There are several hundred guidances in effect acknowledged to be “significant.” And the Federal Register this year contains 23,901 “notices.” Most are insignificant, but lots of stuff gets buried there, and still more doesn’t even appear in the Federal Register at all. No one even knows where to find all the agency “guidance” that’s out there. One can’t easily tally the off-the-books regulation, but I’ve attempted it in “Mapping Washington’s Lawlessness: A Preliminary Inventory of ‘Regulatory Dark Matter’.”
This problem cannot be ignored. Regulatory reform must address what happens outside the official, democratic lawmaking process.
And then there are executive orders and memoranda. He issued 29 executive orders in 2015. But his Obama’s primary pen and phone medium is presidential memoranda. (See: Despotism-Lite? The Obama Administration's Rule By Memo.) The president has issued 31 executive memoranda so far in 2015, some with substantial economic effect on areas like student loans and leave policy and minimum wages for contractors.
So, what more can Congress do about it? Repeal the bureaucracy’s enabling statutes, require congressional approval for big rules, and enforce maximum requirements set forth in the Administrative Procedure Act.
The House of Representatives passed the REINS Act (Regulations from the Executive In Need of Scrutiny) to do that, but the Senate seems disinclined to pass it and force President Obama’s promised veto. If Congress isn’t willing to force Obama to explain why unelected should make laws, it must be because the Republican Congress isn’t willing to end over-delegation. We’ll know for sure if a Republican wins the 2016 election and REINS-like legislation disappears altogether.
Meanwhile, Congress should require strict adherence to Administrative Procedure Act formalities for regulatory dark matter as a priority of the 114th Congress in 2016. The public needs, at minimum, an opportunity to read, comment and object.
I compile a weekly roundup the year's proposed and final rules, executive orders, memoranda and other information on a daily basis here, on a Ten Thousand Commandments site, and will issue a final roundup for the year 2015 later this week.

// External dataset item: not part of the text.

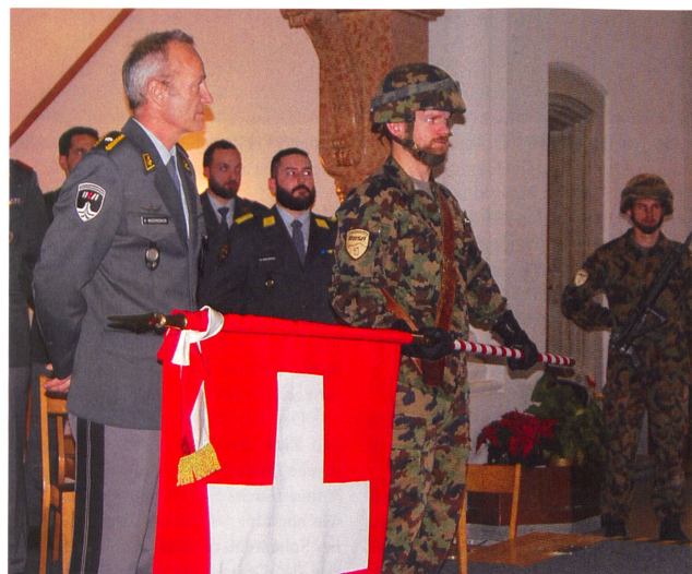
Br Niederberger und der Fähnrich sind zur Brevetierung bereit.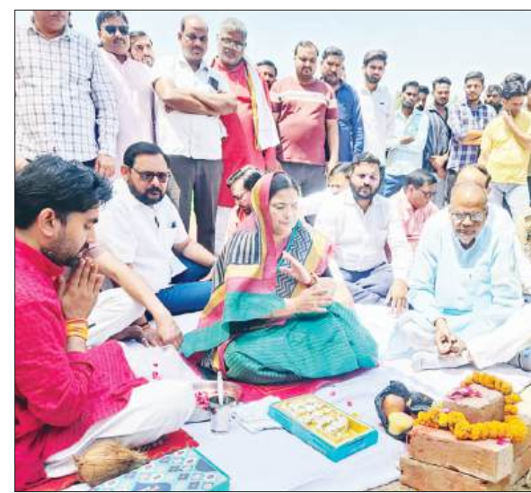
और दर्जनों की संख्या में उन्होंने क्षेत्र में बेहतरीन सड़कों का निर्माण करवाया। उन्होंने कहा महिला महाविद्यालय की स्थापना से यहां की

विधान से कराए गए भूमि पूजन का कार्यक्रम संपन्न किया। तत्पश्चात उन्होंने क्षेत्र वासियों को संबोधित करते हुए कहा उन्होंने अपने क्षेत्र वासियों की हर समस्या का निदान और हर मांग को पूरा करने का काम किया है। उन्होंने कहा महिला महाविद्यालय का भूमि पूजन जनपद का पहला महिला महाविद्यालय होगा। यह गौरव शाहाबाद विधानसभा क्षेत्र को प्राप्त हो रहा है। उन्होंने बताया जल्द ही शाहाबाद विधानसभा क्षेत्र वासियों को मांग पर इंजीनियरिंग कॉलेज का भूमि पूजन भी करेगी। उन्होंने अपनी उपलब्धियों को गिनाते हुए कहा रेलवे स्टेशन के ओवर ब्रिज के साथ-साथ सीएचसी में ऑक्सिजन प्लांट, हेल्थ एटीएम सहित तमाम विकास कार्य किए हैं

Note that the final Federal Register compilation won’t be made official by the National Archives until early in the New Year. Also note that the published version today contains 81,736 pages, but I net out blank and skipped pages in my daily roundup to arrive at the 81,611 figure.
Update: The final count for 2015 was 82,036 pages in the Federal Register, more than 600 pages longer than the previous 2010 record.